Symptom: Ctrl+I shows >50k tokens

Causes:

  • Long conversation
  • AI read many files
  • Repeated context

Solutions:

# Start new session
/exit
grok

# Or use summary technique
> Summarize findings, then start new session

Slow Responses

Symptom: AI takes long to respond

Possible cause: Large context

Check:

Ctrl+I to see token count
If >80k tokens, context is likely cause

Solution:

# Start fresh session
/exit
grok

Context Confusion

Symptom: AI confuses current task with earlier messages

Cause: Too much context mixing different topics

Solution:

# Start new session for new topic
/exit
grok

# Be explicit
> Focusing on [NEW TOPIC], ignoring previous discussion about [OLD TOPIC]

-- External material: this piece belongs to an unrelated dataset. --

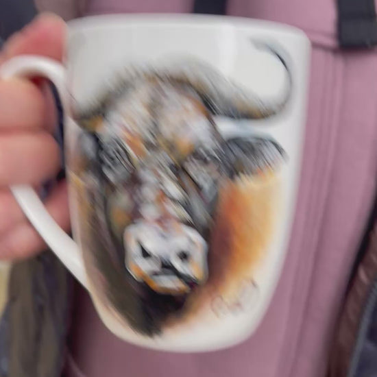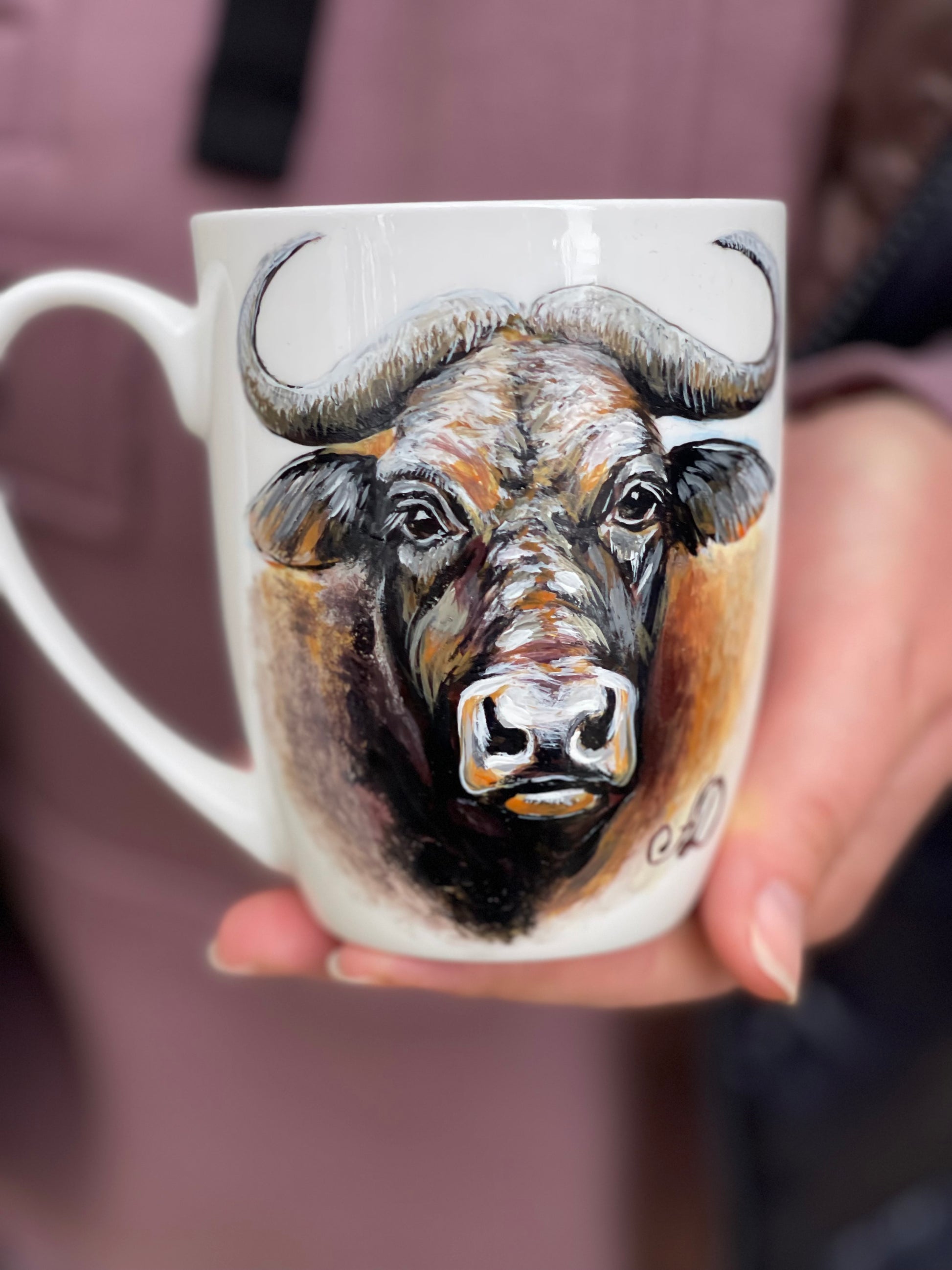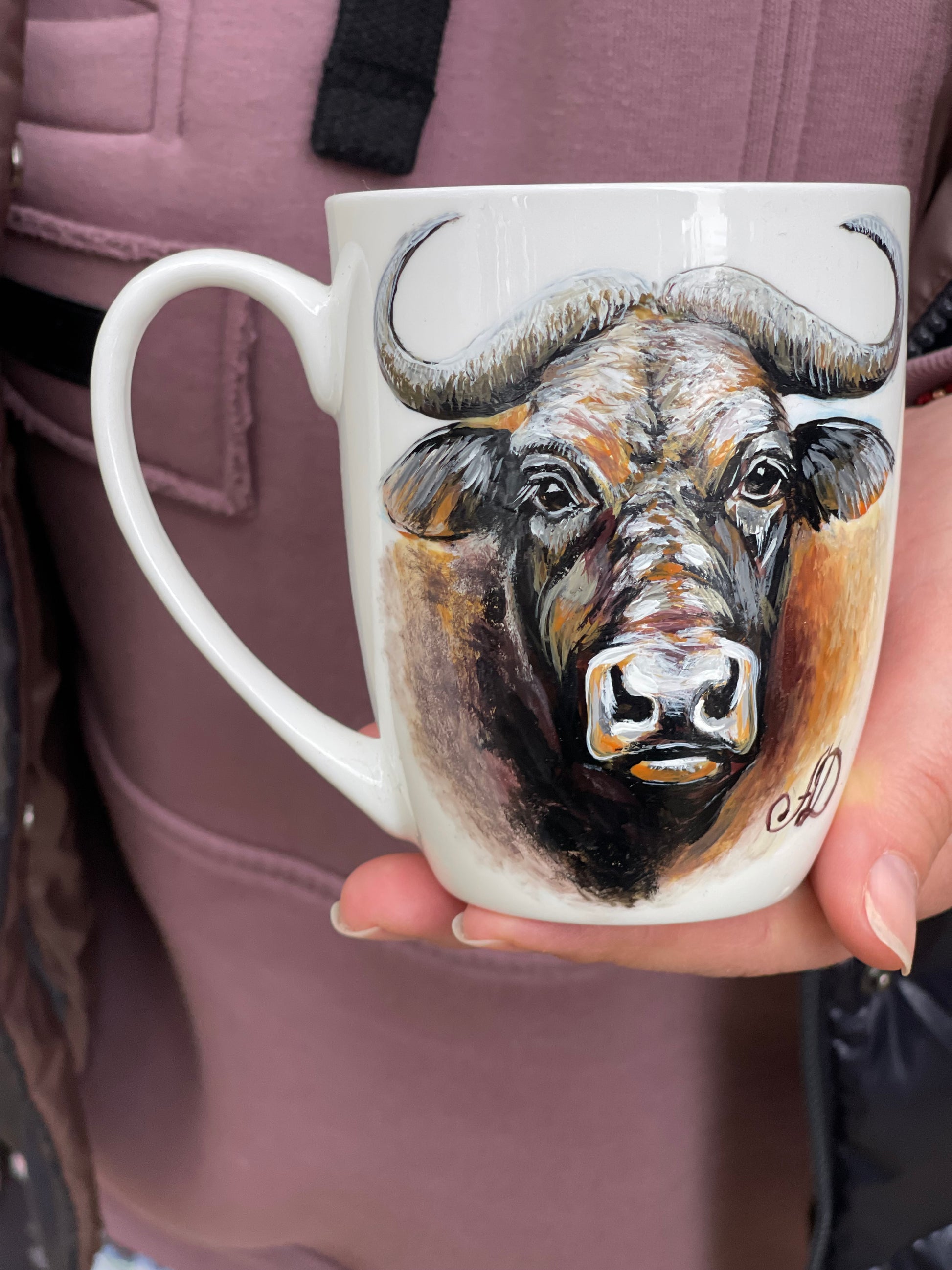 Rankų darbo porcelianinis puodelis su Jaučiu| Tapyba ant porceliano | Unikali dovana

Real-Time Status Indicators

Grok One-Shot displays real-time context metrics below the input prompt to help users monitor context usage and system state.

Display Format

The status line shows three key metrics in compact format:

1.3k/128.0k (1%) │ 0 files │ 2 msgs

Metric Details

  • ** Token Usage**: Current tokens used / maximum context window (percentage)

  • Current: Formatted as 1.3k (1300 tokens)

  • Max: 128.0k (128,000 tokens, Grok's context window)

  • Percent: Current usage as percentage of max

  • Color-coded: Green (less than 60%), Blue (60-80%), Yellow (80-90%), Red (more than 90%)

  • ** Files**: Number of files currently loaded in workspace context

  • Shows files actively referenced in conversation

  • Helps monitor context breadth

  • ** Messages**: Total number of messages in current conversation session

  • Includes system prompt, user messages, and AI responses

  • Indicates conversation length and context depth

Additional Indicators

When memory pressure is high, additional indicators may appear:

  • ** Memory Pressure**: Shows when system is under memory stress (medium/high/critical)

Usage Tips

  • Monitor token usage to avoid hitting context limits
  • Start new sessions (/exit) when approaching 80% token usage
  • Use Ctrl+I for detailed context information and tooltip
  • Files count helps gauge context specificity

Implementation

These metrics are rendered by the ContextIndicator component in compact mode, providing constant visibility without cluttering the interface.

Technical Details

Implementation

Context loading hook:

// src/hooks/use-claude-md.ts
export function useClaudeMd(): string {
const grokMd = readFileSync(path.join(cwd, "GROK.md"), "utf-8");
const docsIndex = readFileSync(path.join(cwd, "docs-index.md"), "utf-8");
return `${grokMd}\n\n${docsIndex}`;
}

Session context:

// src/agent/grok-agent.ts
const messages = [
{ role: "system", content: systemPrompt }, // GROK.md + docs-index.md
...conversationHistory, // Previous messages
{ role: "user", content: userMessage }, // Current message
];

Token counting:

// Approximate: 1 token ≈ 4 characters
const estimatedTokens = text.length / 4;

Future Enhancements

Automatic compaction:

// Planned
if (totalTokens > COMPACTION_THRESHOLD) {
const summary = await compactOldMessages(messages);
messages = [systemPrompt, summary, ...recentMessages];
}

Context caching:

// Planned
const cachedDocs = cache.get("common-docs");
if (!cachedDocs) {
cachedDocs = await loadDocs();
cache.set("common-docs", cachedDocs, TTL);
}

See Also


Status: Core functionality implemented, Advanced features in progress

Efficient context management ensures fast, cost-effective AI interactions.